======== Provided data

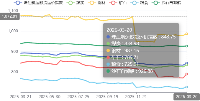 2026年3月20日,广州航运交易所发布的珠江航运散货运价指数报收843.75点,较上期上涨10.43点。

================
======== Provided data

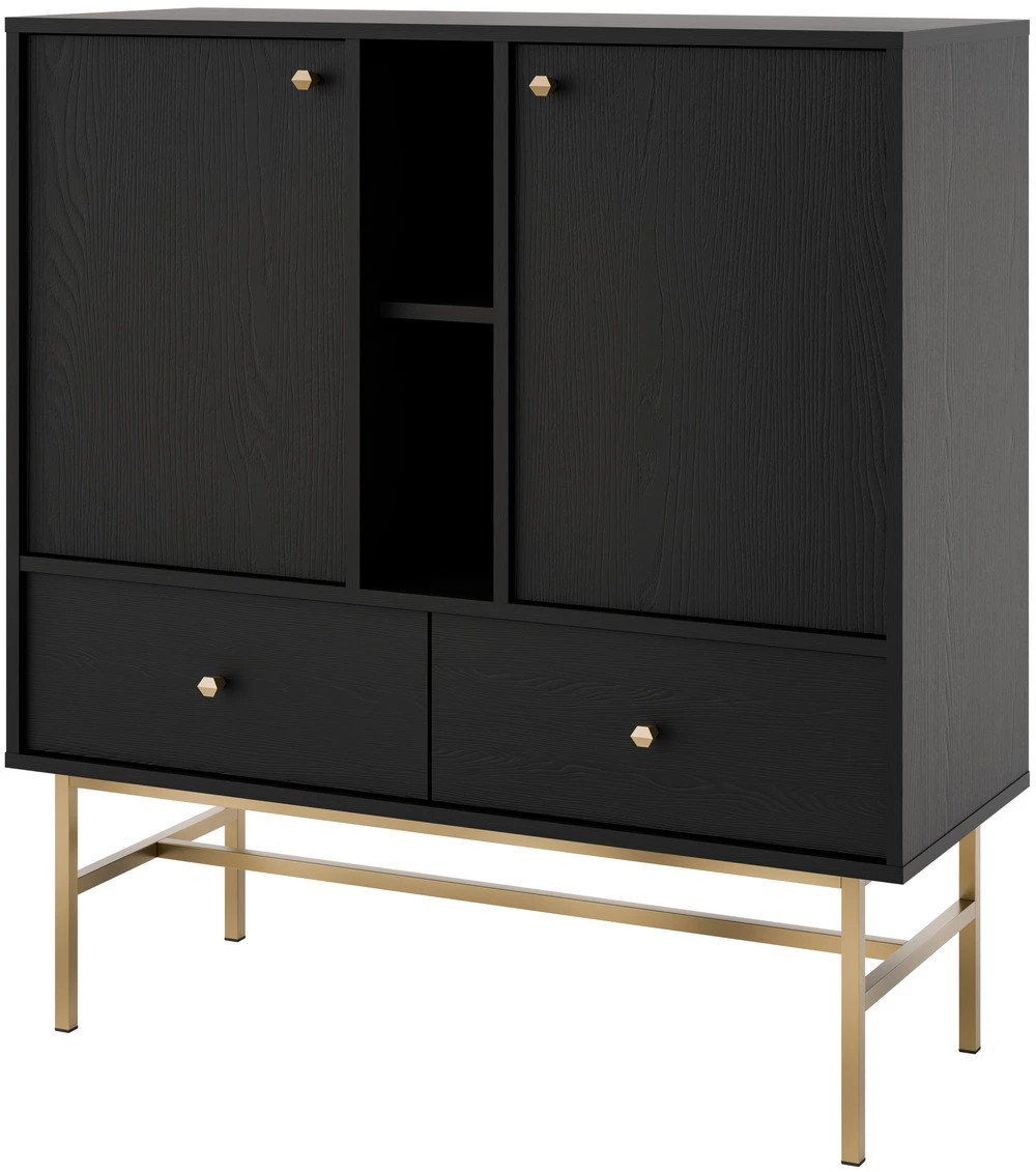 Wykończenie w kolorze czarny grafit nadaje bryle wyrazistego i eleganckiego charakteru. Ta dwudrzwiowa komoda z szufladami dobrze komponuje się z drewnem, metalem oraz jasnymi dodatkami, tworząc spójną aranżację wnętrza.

================
======== Provided data

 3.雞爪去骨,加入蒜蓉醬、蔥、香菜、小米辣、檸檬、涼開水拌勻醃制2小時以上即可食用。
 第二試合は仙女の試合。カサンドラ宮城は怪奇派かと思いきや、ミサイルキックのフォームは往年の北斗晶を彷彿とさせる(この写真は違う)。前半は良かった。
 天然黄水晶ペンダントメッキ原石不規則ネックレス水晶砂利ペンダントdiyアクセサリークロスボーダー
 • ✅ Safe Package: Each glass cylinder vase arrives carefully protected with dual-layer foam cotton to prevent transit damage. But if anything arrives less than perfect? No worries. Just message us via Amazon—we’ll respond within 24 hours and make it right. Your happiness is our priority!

================

**Task:**
Output only an exact transcription of the lines above from the one with "天然黄水晶ペンダントメッキ原" up to and including the one with "is our priority!".

**Output for this task:**
 天然黄水晶ペンダントメッキ原石不規則ネックレス水晶砂利ペンダントdiyアクセサリークロスボーダー
 • ✅ Safe Package: Each glass cylinder vase arrives carefully protected with dual-layer foam cotton to prevent transit damage. But if anything arrives less than perfect? No worries. Just message us via Amazon—we’ll respond within 24 hours and make it right. Your happiness is our priority!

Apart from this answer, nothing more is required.